Сеня ехидно улыбнулся:
- Кстати, через несколько дней она выходит замуж за своего жениха.
- Дорогой друг, разве я спросил, замужем ли она, есть ли у неё дети? Я просто сказал, что она будет моей женой.
- Через мой труп! - Сказал друг и захлопнул за собой дверь.
А дальше начинается необъяснимое. Никогда я не спал днём. Я слабо помню моего отца. Он умер, когда мне исполнилось три года. И вот мой отец сидит в изящном кресле-качалке, сияющем чёрным лаком. Золотистая соломка сидения и спинки переплетается, обрамляя пустоты - маленькие восьмиугольники. На отце светлая пижама.

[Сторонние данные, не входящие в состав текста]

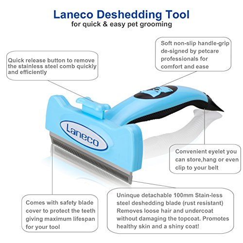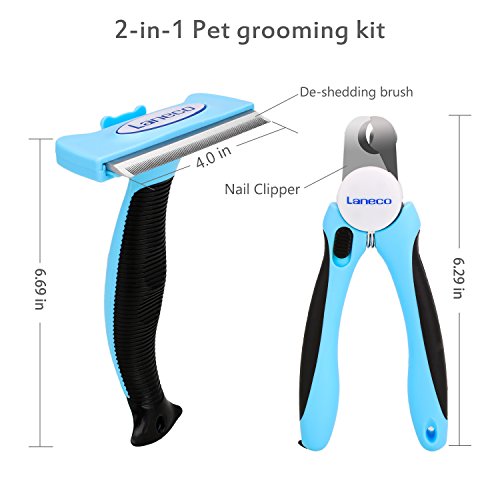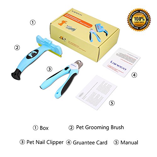 Nurture your creative side with these Laneco professional pet grooming tools. Grooming is proven to be healthy for dogs & cats! Daily grooming using our slicker brush & deshedding tool will allow you to see skin problems early on. Grooming will keep your cats or dog's coat shiny and smooth. Our deshedding tool will help to reduce allergies that can be caused by loose animal hair. You & your pet will be super comfortable! Our dog & cat hair brush is designed to snugly fit into your hand. You will love how easy it is to use! Your pet will love it. It has been designed to be as comfortable as possible on your pet's coat. Quick guard prevents overcutting! Our safety stop is designed to prevent you from overcutting your dog's nails. You know how important regular nail trimming is, it will stop ingrown nails or long curved nails that dig into your dog's sensitive toe pads, leading to discomfort. Lock the blades in place with the push of a button dog nail clippers large breed should always be kept away from children. As an extra precaution we have added a safety lock, which is located on the handle. Just slide up the lock button and the clippers will be locked in place. Package including – 1. 1 x pet deshedding brush. 2. 1 x pet nail clippers. 3. 1 x user manual. 4. 1 x guarantee card. Remove up to 95% of shedding fur from your cat or dog within minutes, so you don't have to worry about unsightly hair or fur all over your house, furniture or car. And you will be amazed at just how much loose hair has been removed. It gently removes the undercoat and other loose hairs, while detangling any matted fur. It helps your pets stay looking healthy and clean. It is powerful enough to trim your dogs or cats nails with just one cut, it will stay sharp for years to come for stress-free, smooth, quick and sharp cuts easy to lock blades allows for safe and convenient storage.Feature

Я стою на подъёмах его стоп. Он поддерживает меня добрыми сильными руками. Мы плавно раскачиваемся. Монотонное неспешное движение обволакивает, опьяняет меня. Мне так сладостно! Пусть никогда не прекращается это божественное раскачивание.

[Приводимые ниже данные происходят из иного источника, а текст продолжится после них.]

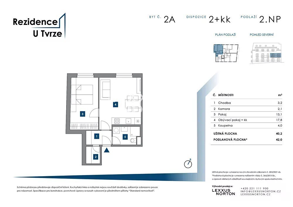Byt 2+kk o ploše 42 m² se sklepem se nachází ve 2. podlaží Rezidence U Tvrze v Malešicích. Komorní projekt nabízí moderní technologie, kvalitní materiály a bydlení v klidném prostředí s perfektní dostupností do centra. Obývací pokoj s kuchyňským koutem působí vzdušně a poskytuje příjemné místo pro relaxaci. Hlavní ložnice má dostatek prostoru pro šatní skříň a další úložné prvky. Koupelna se sprchovým koutem a WC je zpracována v nadčasovém stylu - stěrka v imitaci kamene a černé baterie Mexen Cube. Součástí standardu jsou vysoce kvalitní materiály a moderní technologie: energeticky úsporný systém SMARTPANEL zajišťuje optimální mikroklima, podlahové vytápění ve všech obytných místnostech garantuje maximální pohodlí. Hliníková okna s trojskly poskytují vynikající tepelně-izolační i akustické vlastnosti. Vzduchotechnika s centrální rekuperací a regulací CO₂ přináší stálý přísun čerstvého vzduchu. Chytrá domácnost TapHome umožňuje ovládání topení, osvětlení i zabezpečení bytu na dálku. Lokalita Malešic nabízí ideální kombinaci klidného prostředí plného zeleně a veškeré občanské vybavenosti. V těsné blízkosti najdete Malešický park, botanickou zahradu i přírodní park Smetanka. Na dosah jsou restaurace, kavárny, obchodní centrum Oáza Malešice, mateřské i základní školy. Do centra Prahy se dostanete pohodlně a rychle - autobusová zastávka Malešické náměstí je vzdálená jen 500 metrů a přímým spojem jste na metru Skalka za pouhých sedm minut, do centra Prahy dojedete celkově do 30 minut. Do budoucna se v lokalitě plánuje další rozvoj veřejných prostranství a dopravní infrastruktury, včetně nové cyklostezky na místě původního viaduktu, která propojí Malešice se širší sítí pražských cyklotras.

- Сын, - какой красивый голос у отца! - Ты выбрал себе замечательную жену. Я благословляю вас.
Движение кресла-качалки прекратилось внезапно. Я лежу на правом боку. Предо мною голая стена убогой комнаты. Я не могу опомниться. Ведь только что я видел отца. Я осязал его. Что это было? Сон? Но спал ли я? Не могу ответить на этот вопрос. Мистика...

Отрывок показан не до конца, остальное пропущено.